At the AGM, the CIC Board has proposed ‘refreshing’ and ‘rethinking’ the Clinical Modelling Program, apparently by going to vendors to request more models…

We have more archetypes than we can cope with at the moment. While gathering more archetypes will help to fill the content gaps, the rate-limiting step is actually the review and publication process. And this has been ignored for more than a decade.

The Board doesn’t need to ‘rethink’ the Clinical Modelling Program.
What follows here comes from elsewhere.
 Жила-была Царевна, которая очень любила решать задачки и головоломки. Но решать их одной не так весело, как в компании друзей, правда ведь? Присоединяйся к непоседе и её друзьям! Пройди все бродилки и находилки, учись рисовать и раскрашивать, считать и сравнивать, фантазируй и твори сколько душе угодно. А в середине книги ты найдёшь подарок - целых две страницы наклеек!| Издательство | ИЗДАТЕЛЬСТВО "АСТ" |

It does need to stop ignoring it and start supporting it.

At the simplest level, it needs:

  • to understand the work of the Clinical Modelling Program (It thinks it does, but it doesn’t)
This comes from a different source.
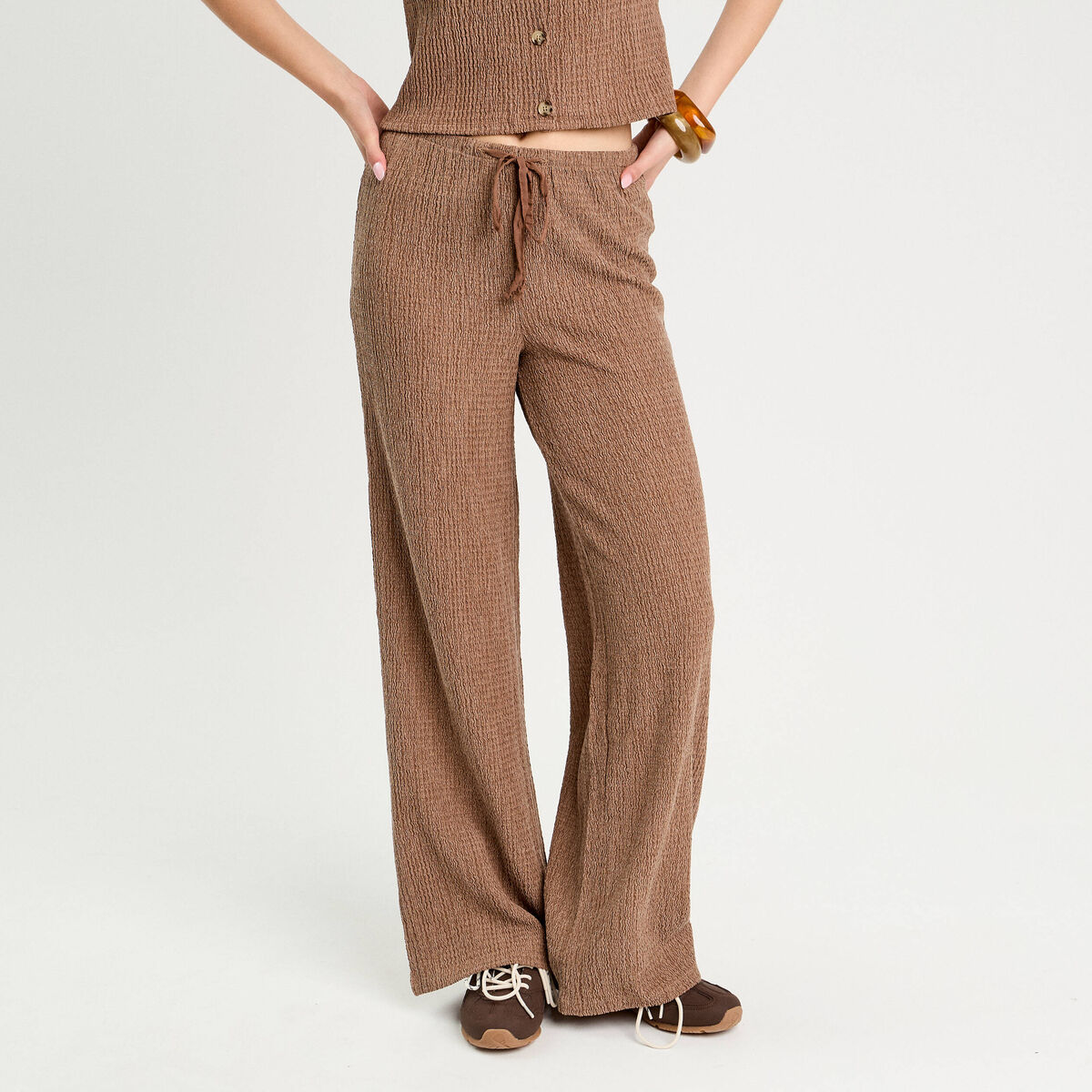 Pantalon large marron femme

  • to understand the skills required to manage a Clinical Modelling Program that builds archetypes to support a coherent data ecosystem (No, despite the rhetoric, it absolutely doesn’t)

  • to develop a joint strategy with the CKAs who know how to protect the quality, integrity and credibility of the international CKM as the ‘source of truth’ for openEHR archetypes;

  • to identify and source adequate funding to:

    • train and upskill Editors and Clinical Knowledge Administrators to ensure that the current asset is independent and sustainable

    • ensure that the CKM can continue to function as an independent entity that underpins all openEHR implementations

  • a succession plan

The Clinical Modelling Program has effectively operated as an orphan within the organisation. It is more by luck than strategy or design that we have achieved what we have. This needs to change or openEHR could fail.

This is the kind of thing I wanted to speak to the Board about each time I approached it this year. Each time my request was rejected, with the reason being that Silje Ljosland Bakke had been appointed the Clinical Modelling Program representative on the Board at some point. Silje (already on the Board as an organisational rep) has repeatedly denied that she fulfils this role. So what on earth is going on. Certainly, the appointment of a Board representative has never been discussed with me. Rather both Silje and I feel that the Modelling program could only be fairly represented if both co-leads were involved in any Board discussions or program strategy.

One has to wonder, is this a consensus position of the Board as a whole, or it is just the position of the Co-chair who responds to my emails, who hasn’t spoken to me once during my period of paid engagement, not to understand the Modelling Program, nor even to enquire why I withdrew my services.

It’s messy and ugly and totally unnecessary. And the openEHR community is the ultimate loser.